Matches taxa from the internal table_taxa to WCVP names already uploaded in the database, using exact and optionally fuzzy matching.

Usage

match_taxa_to_wcvp(
  con_taxa = NULL,
  tax_ids = NULL,
  methods = c("exact", "fuzzy"),
  fuzzy_threshold = 0.9,
  author_match = c("none", "exact", "fuzzy"),
  author_threshold = 0.6,
  n_cores = 1L,
  verbose = TRUE
)

Arguments

con_taxa

Connection to the taxa database. If NULL, calls call.mydb.taxa().

tax_ids

Optional integer vector of idtax_n to match. If NULL, matches all accepted taxa.

methods

Character vector of matching methods to use. Default c("exact", "fuzzy").

fuzzy_threshold

Numeric (0-1). Minimum similarity for fuzzy matches. Default 0.9.

author_match

Character. How to use author strings during exact name matching.

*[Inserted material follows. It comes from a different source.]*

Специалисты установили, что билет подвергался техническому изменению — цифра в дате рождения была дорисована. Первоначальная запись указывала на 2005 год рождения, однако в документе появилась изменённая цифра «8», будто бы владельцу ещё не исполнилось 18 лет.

  • "none" (default): ignore authors entirely.

  • "exact": authors must match character-for-character. Reduces false positives but misses any formatting difference.

  • "fuzzy": exact name match first, then Jaro-Winkler author similarity to select among homonyms and filter below author_threshold. More tolerant of abbreviation/spacing differences.

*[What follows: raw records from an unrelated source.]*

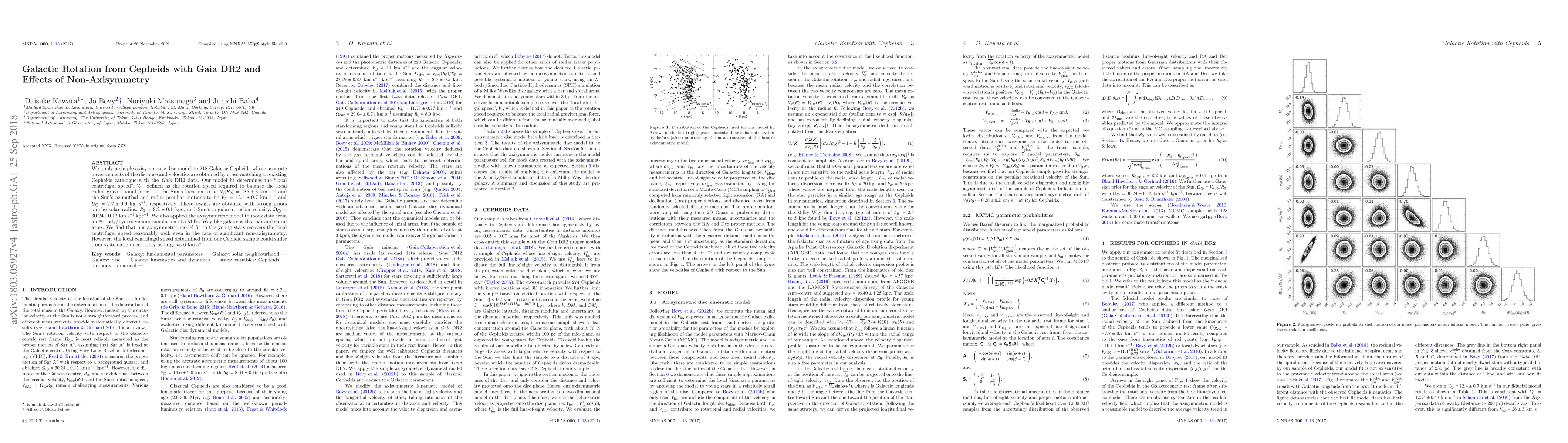 This study uses Gaia DR2 data to analyze 218 Cepheids, determining the local centrifugal speed at the Sun's location to be $236\pm 3$ km s$^{-1}$ and the Sun's peculiar motions. The axisymmetric model also fits non-axisymmetric mock data well, though it suggests a potential systematic uncertainty of up to 6 km s$^{-1}$ in the local centrifugal speed.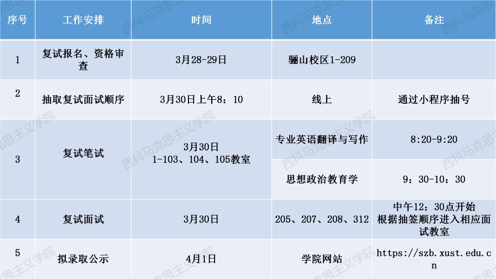 六、复试工作日程安排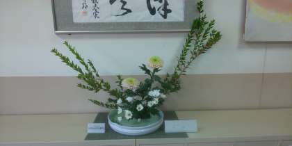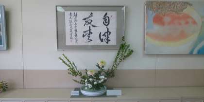 職員玄関に飾られているお花です。定期的に地域の方が朝早く学校に来て、生けてくださっています。これからも地域に愛される学校をめざしていきたいと思います。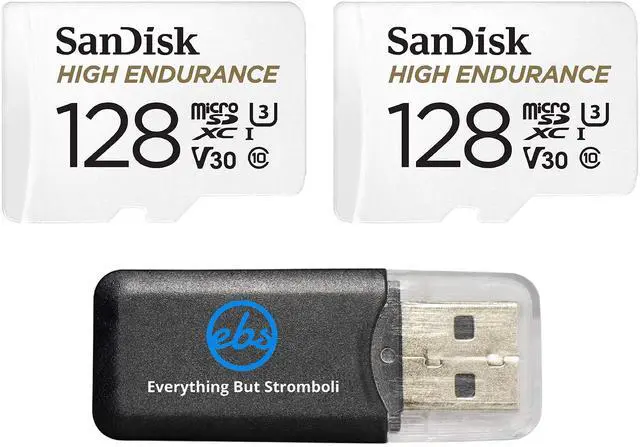 Bundle includes (2) 128 GB microSD SanDisk High Endurance memory cards with adapters and (1) Everything But Stromboli Micro Card Reader.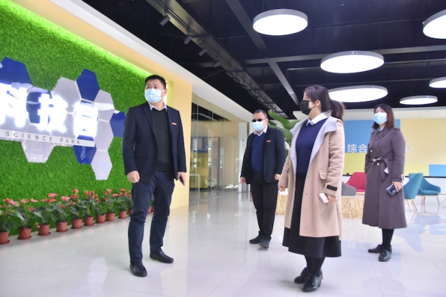 在大学科技园检查疫情防控工作

Authors are built from author1 (basionym) and author2 (combination) columns in table_taxa: "(author1) author2". Not applied to fuzzy name matching (author disambiguation is not meaningful when the name itself is inexact).

author_threshold

Numeric (0-1). Minimum Jaro-Winkler similarity required to keep a match when author_match = "fuzzy" and author info is present on both sides. Default 0.6.

n_cores

Integer. Number of parallel workers for fuzzy matching. Uses forking on Unix and a PSOCK cluster on Windows. Default 1 (sequential). Set to parallel::detectCores() - 1 to use all available cores.

verbose

Logical. Show progress. Default TRUE.

Value

A tibble with columns: idtax_n, taxon_name_internal, plant_name_id, wcvp_taxon_name, match_type, match_score.

Details

Returns a tibble for review. Does NOT write to the database automatically. Use save_wcvp_links() to persist reviewed matches.

Examples

if (FALSE) { # \dontrun{
con_taxa <- call.mydb.taxa()
matches <- match_taxa_to_wcvp(con_taxa)
# Review matches, then save
save_wcvp_links(matches, con_taxa)
} # }